DATA TO PROCESS Start Marker
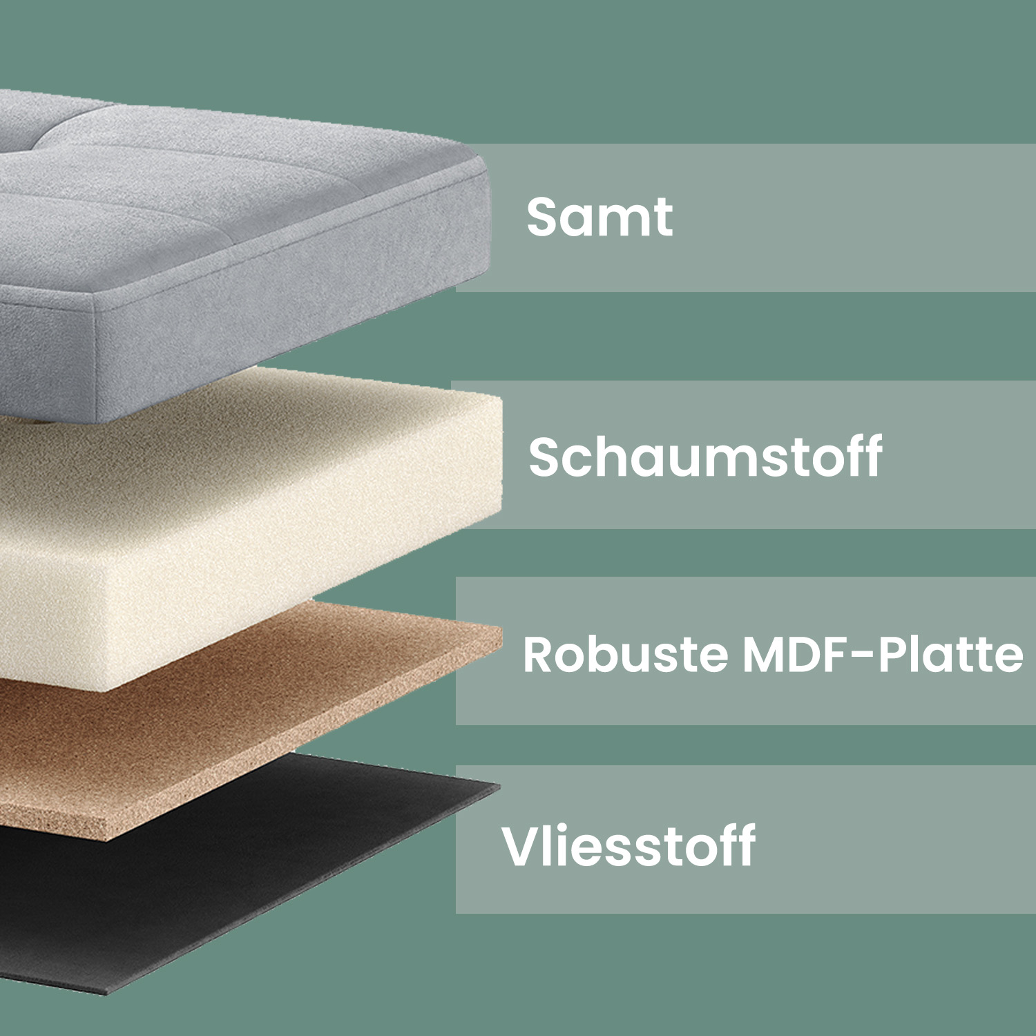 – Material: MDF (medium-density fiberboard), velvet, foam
DATA TO PROCESS End Marker
DATA TO PROCESS Start Marker
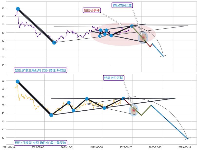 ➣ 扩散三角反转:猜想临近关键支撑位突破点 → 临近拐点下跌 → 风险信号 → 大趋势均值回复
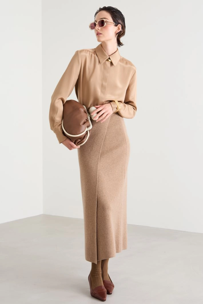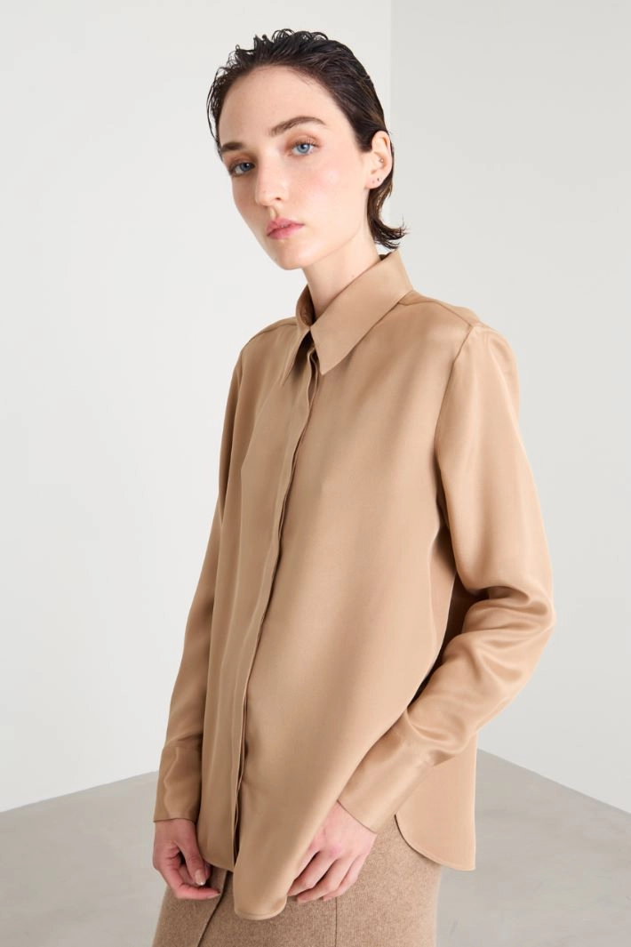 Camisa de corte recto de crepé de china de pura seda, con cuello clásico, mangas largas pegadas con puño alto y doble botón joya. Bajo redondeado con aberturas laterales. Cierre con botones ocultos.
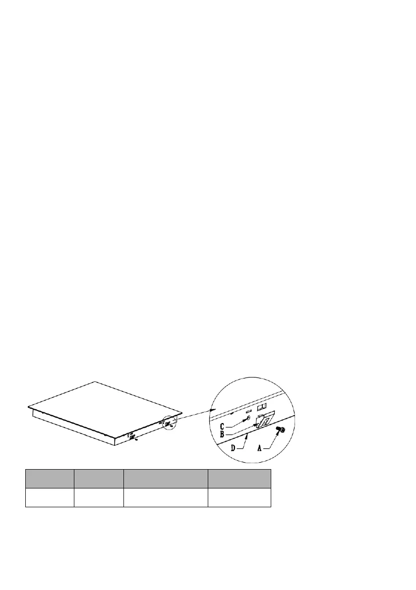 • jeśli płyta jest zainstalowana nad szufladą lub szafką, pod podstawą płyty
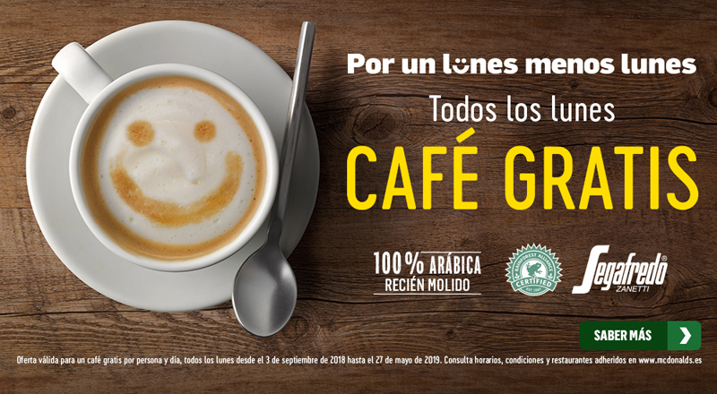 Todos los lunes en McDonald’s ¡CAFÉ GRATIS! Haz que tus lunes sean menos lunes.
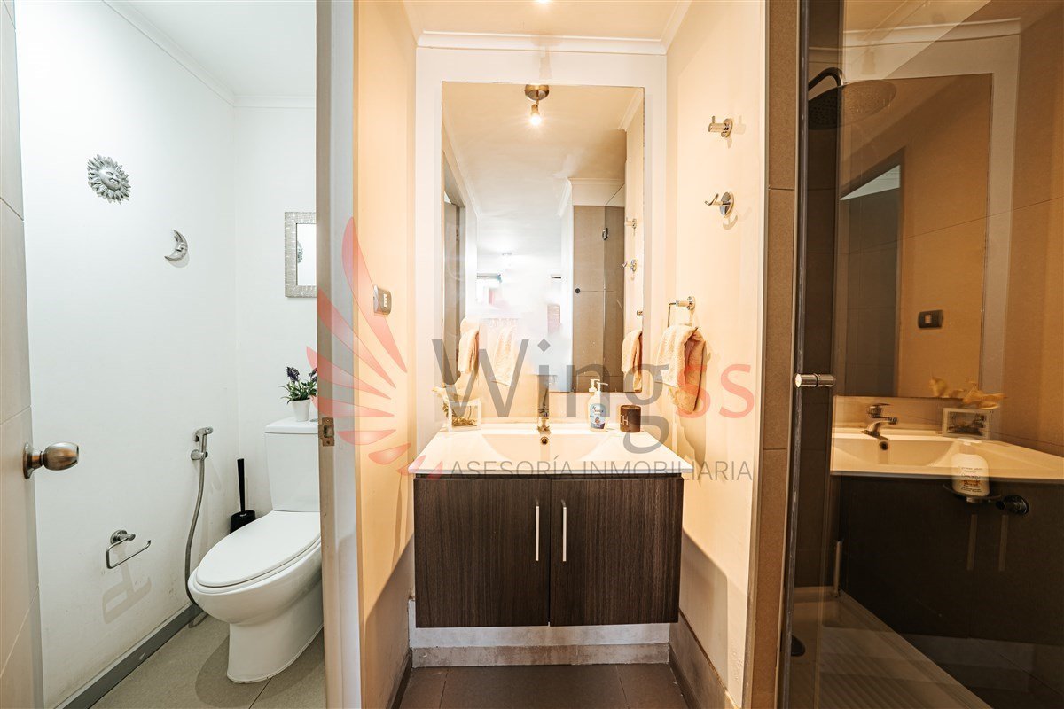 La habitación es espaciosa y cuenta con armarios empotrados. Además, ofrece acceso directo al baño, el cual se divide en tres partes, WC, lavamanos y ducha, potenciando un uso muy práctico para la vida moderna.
DATA TO PROCESS End Marker
DATA TO PROCESS Start Marker
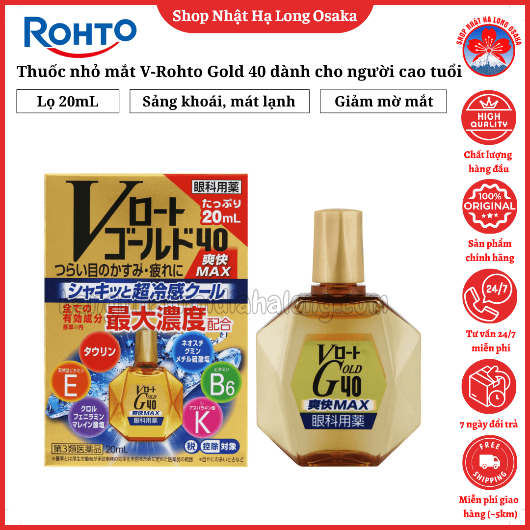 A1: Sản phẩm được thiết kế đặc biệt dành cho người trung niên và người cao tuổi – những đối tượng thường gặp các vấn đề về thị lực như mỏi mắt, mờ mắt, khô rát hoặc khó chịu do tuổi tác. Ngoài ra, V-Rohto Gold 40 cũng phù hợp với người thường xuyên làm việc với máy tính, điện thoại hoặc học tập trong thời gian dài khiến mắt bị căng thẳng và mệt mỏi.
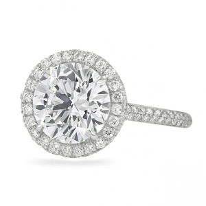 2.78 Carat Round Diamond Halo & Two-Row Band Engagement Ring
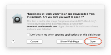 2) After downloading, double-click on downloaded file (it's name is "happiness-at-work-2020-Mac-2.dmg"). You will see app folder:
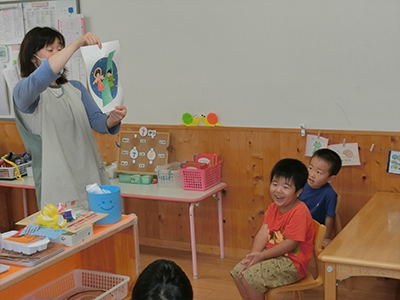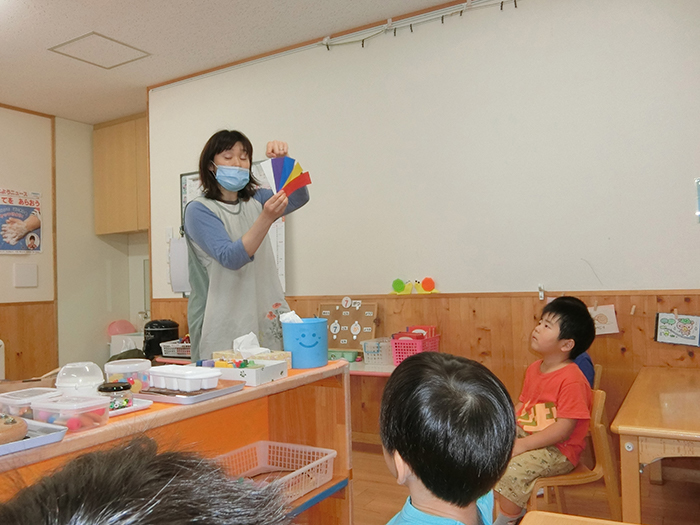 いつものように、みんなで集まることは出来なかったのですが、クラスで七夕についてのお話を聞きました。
DATA TO PROCESS End Marker
▶ PROBLEM TO SOLVE: Every line from the one with "Todos los lunes" through the one with "La habitación es" is to be reproduced exactly as written above, and the pictures are to be dropped.

▶ YOUR RESPONSE:
 Todos los lunes en McDonald’s ¡CAFÉ GRATIS! Haz que tus lunes sean menos lunes.
 La habitación es espaciosa y cuenta con armarios empotrados. Además, ofrece acceso directo al baño, el cual se divide en tres partes, WC, lavamanos y ducha, potenciando un uso muy práctico para la vida moderna.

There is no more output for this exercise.